Sometimes I fantasize about having someone – anyone – build me a raised bed in which I can grow flowers. Just flowers. Speaking from experience, vegetables are too much work. If they don’t grow, if they get aphids or fungus or Japanese beetles or some voodoo curse – then you get nothing to eat. If they do grow, you get too many tomatoes or green peppers all at once, and you either have to eat ratatouille for a month or learn to can. Been there, done that, and I don’t care to do it again. And don’t even talk to me about zucchini. I love fresh vegetables, but isn’t that what farmers’ markets are for?

No, what I want is a cutting garden, a place I can walk out to, armed with scissors and a basket and wearing a charming sun hat, to choose an array of blooms for the dining room table – some zinnias, a few daisies, an armload of purple cone flowers. That’s all the farming I want to do.
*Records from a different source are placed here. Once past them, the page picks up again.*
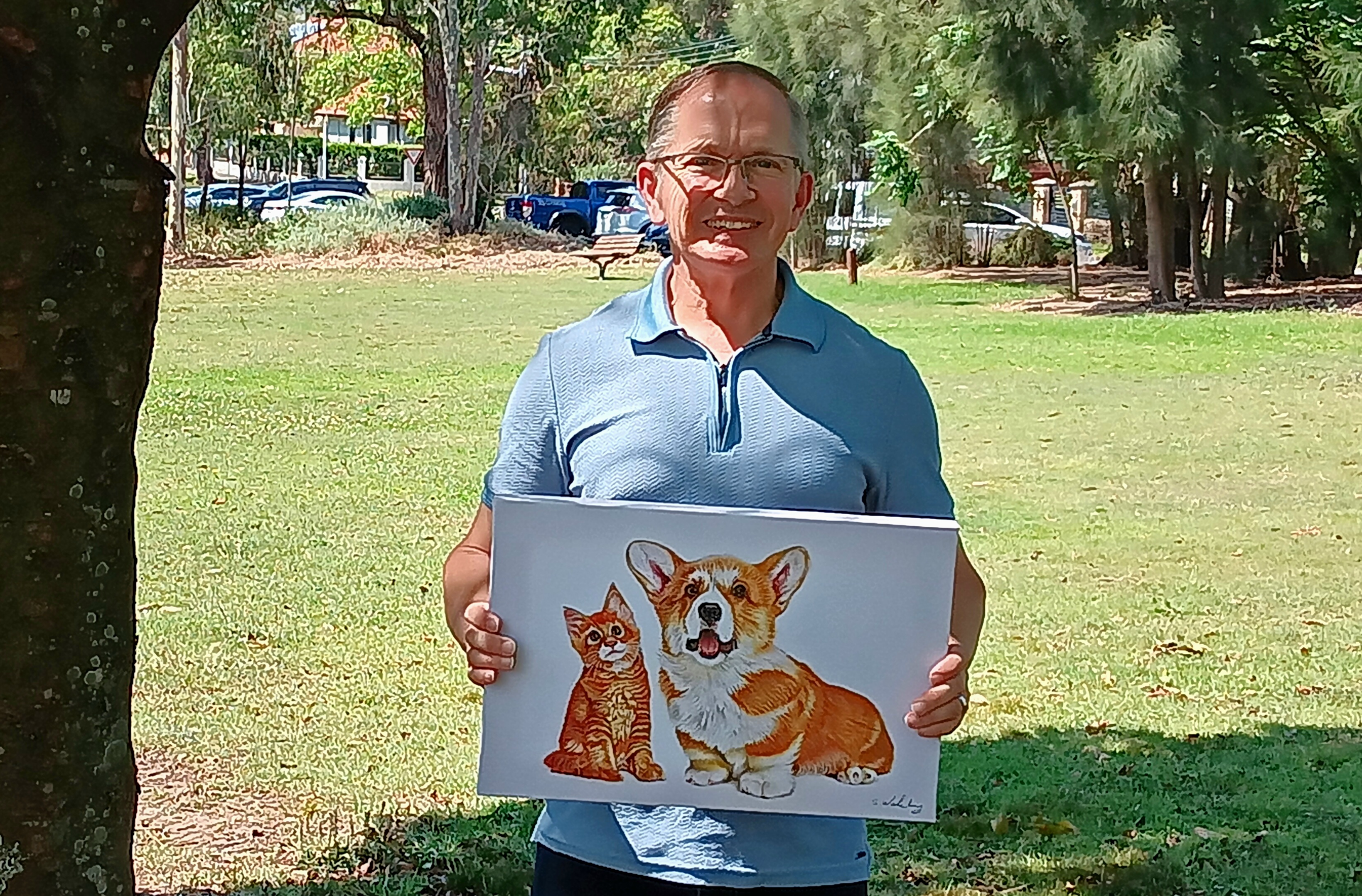 I know that Nigel loves animals; in my spare time I draw and sell my art. I’ve sold some of my work on social media and even had my own exhibition. I came across a cute photograph of a corgi and a cat, which I decided to draw for him. Drawing for people is an expression of my care.
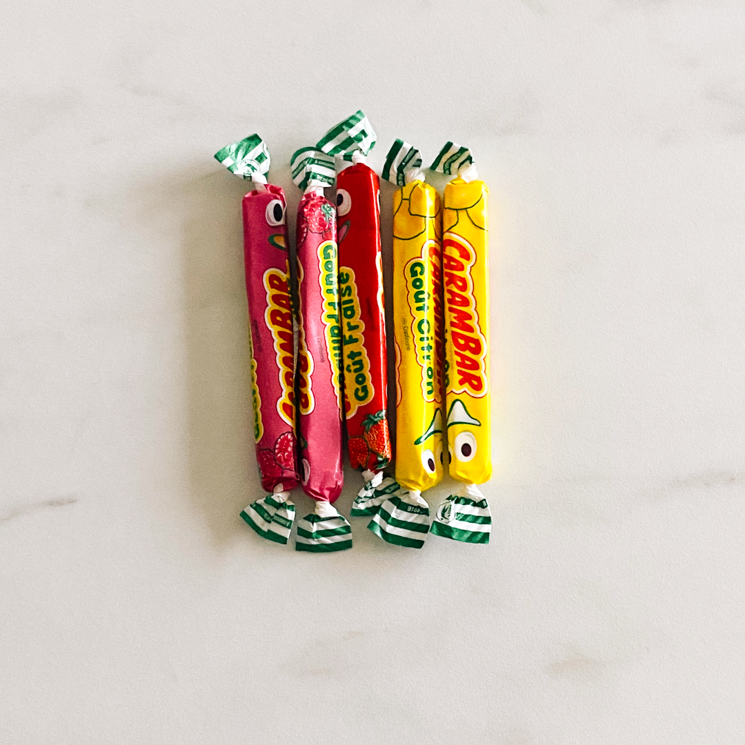 Pâte à mâcher 3 fruits possibles framboise, citron, fraise. Les lots sont composés des trois parfums + 2 au hasard.
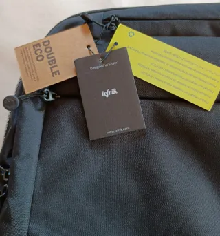 Mochila de la marca Lefrik en color negro, diseñada para llevar un ordenador portátil. - Compartimento principal espacioso. - 2 bolsillos frontales con cremallera, 7 o más grande y otro arriba más pequeño. - Correas de hombro ajustables y acolchadas. - Asa superior para llevar en mano.
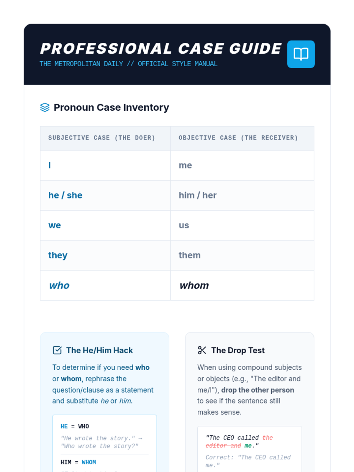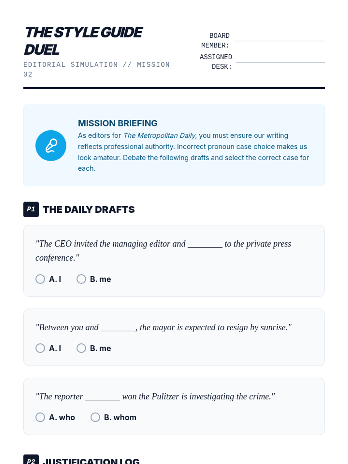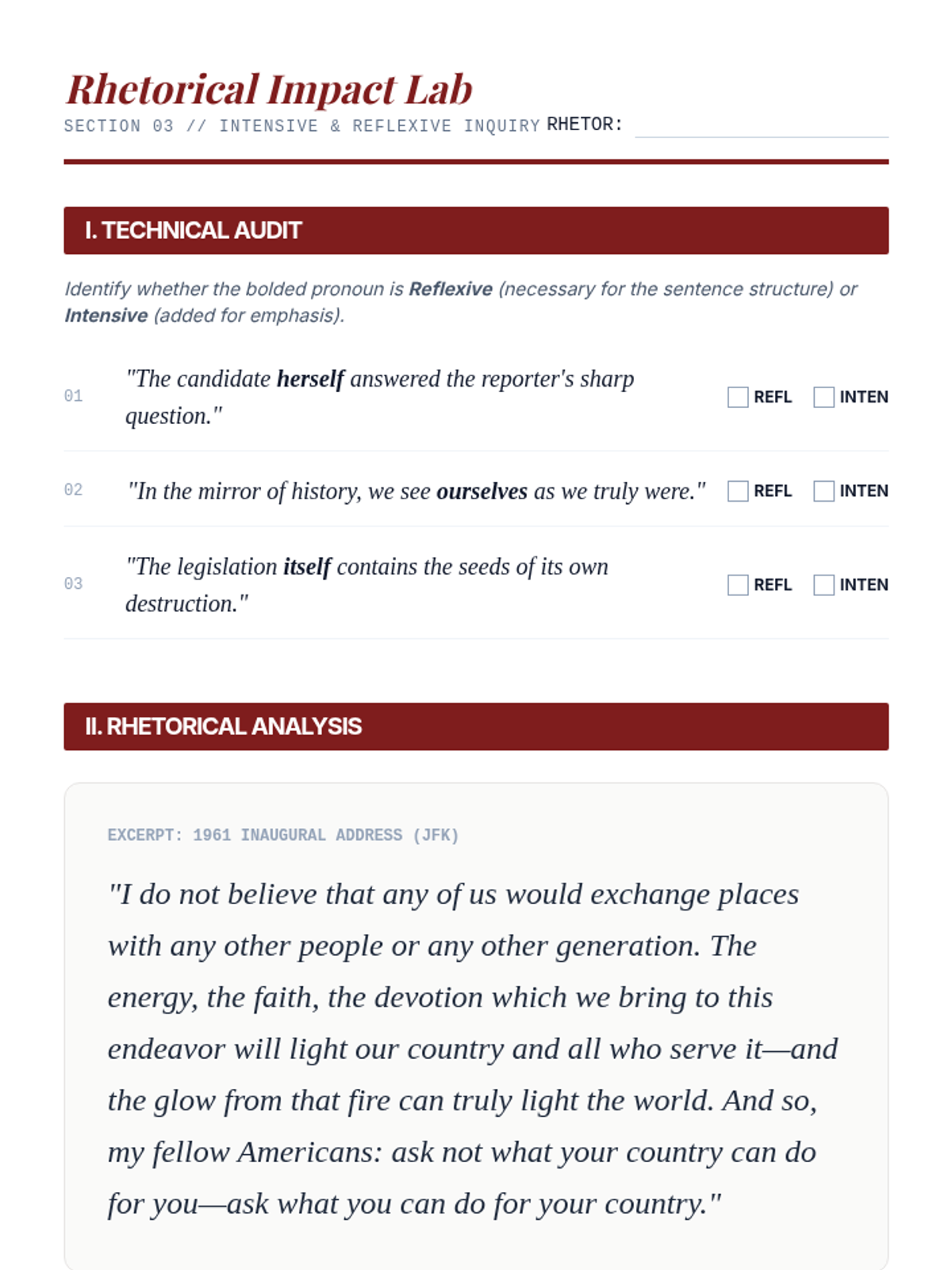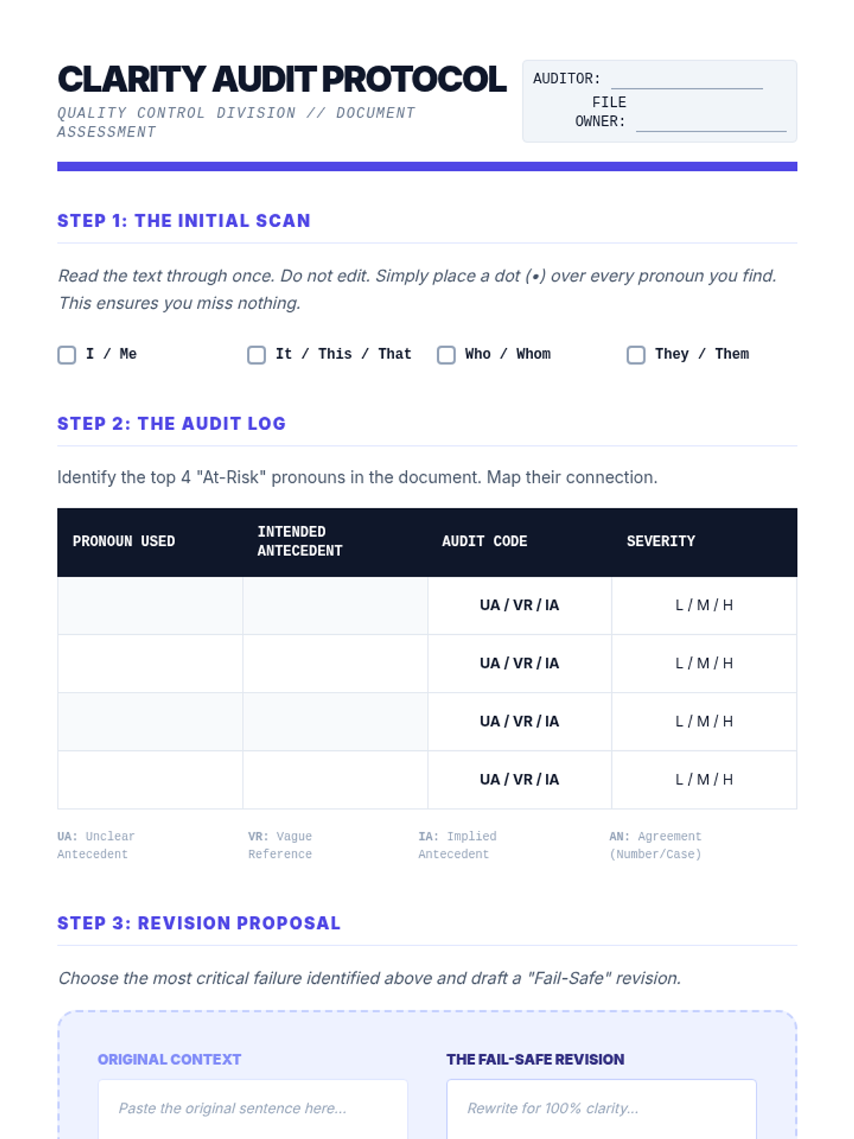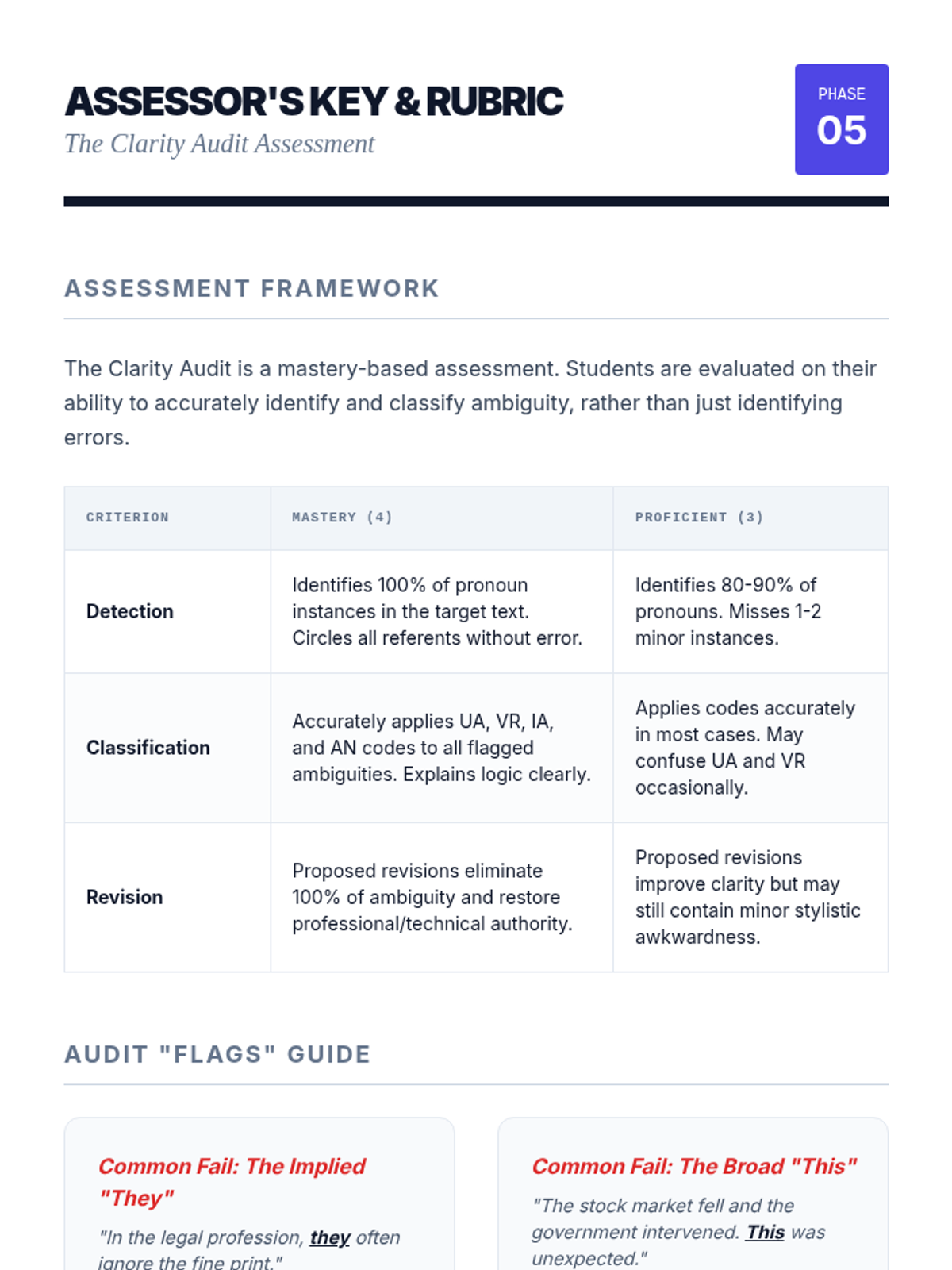 An inquiry-based exploration of pronoun precision in legal, professional, and rhetorical contexts. Students analyze how pronoun ambiguity can lead to significant real-world consequences, from legal disputes to loss of rhetorical power.
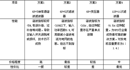 方案2. 采用6脈沖UPS+5次諧波濾波器,如果UPS整流裝置為三相全控橋6脈整流器,由整流裝置產生的諧波占所有諧波的近25-33%加5次諧波濾波器后減小到10%以下, 輸入功率因數0.9,可局部減小諧波電流對電網的危害。這種配置,輸入電流諧波仍然偏大,對發電機容量配比要求為1:2以上,并存在導致發電機輸出異常升高的隱患;
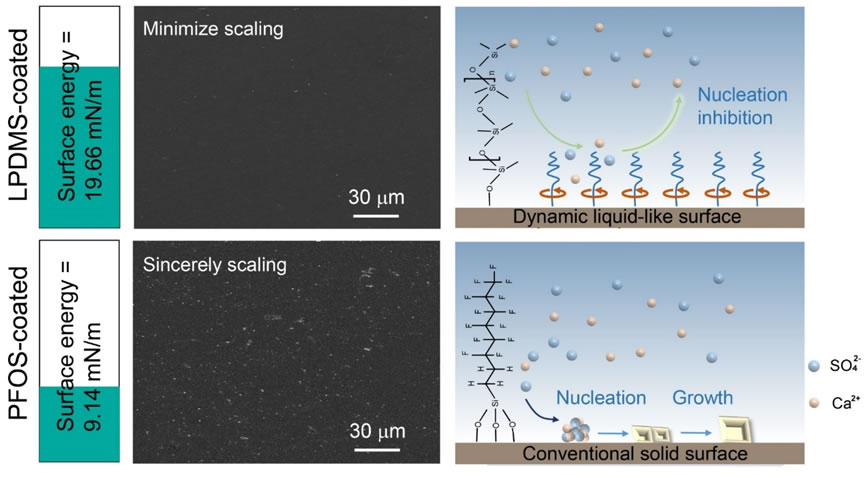 结垢是油田生产、换热器、锅炉、工业水处理、海水淡化等众多行业面临的重大问题,然而目前常用的防垢方法存在防垢效率低、不环保、涂层不稳定等诸多问题,研究能有效抑制垢形成的高性能抗垢表面对于实现低能耗、环境友好的抗垢应用具有重要意义。针对上述问题,田雪林教授团队提出了一种独特的类液体表面功能化高效防垢策略。通过在表面接枝极低玻璃化转变温度的线性聚二甲基硅氧烷(LPDMS)分子刷,获得具有类液体特性的功能化表面,使得表面抗垢效果显著提高。

As it is, our yard is no arboretum. You could drive by and not even notice the few plantings we do have. I sort of gave up one year and put in bushes – two kinds! – along the south side, because I was tired of weeding and trying to make the space look nice during the three seasons when the spring flowers were not in bloom. In the process, we lost quite a few of those bulbs, especially after we covered the dirt with plastic and mulch. When you work like mad to keep the weeds out, it’s kind of hard not to keep the nice plants out, too.

Last year, in fact, my daughter was over when I decided to check for spring shoots. I was exclaiming over tulip leaves coming up when Allison suddenly said “Mo-om,” stretching it into two syllables the way only one’s offspring can. She’d spotted something under the plastic, straining to get out. I fetched some scissors and tore it away, revealing a clump of daffodil shoots, misshapen from bumping their heads against the resistant barrier.

After only a few days, they straightened up, and within weeks they’d grown a foot and blossomed like little suns. Spring is persistent, I assure myself, looking out at this April snow. It may seem to be dragging its feet this year, but it will get here, and it will be worth the wait.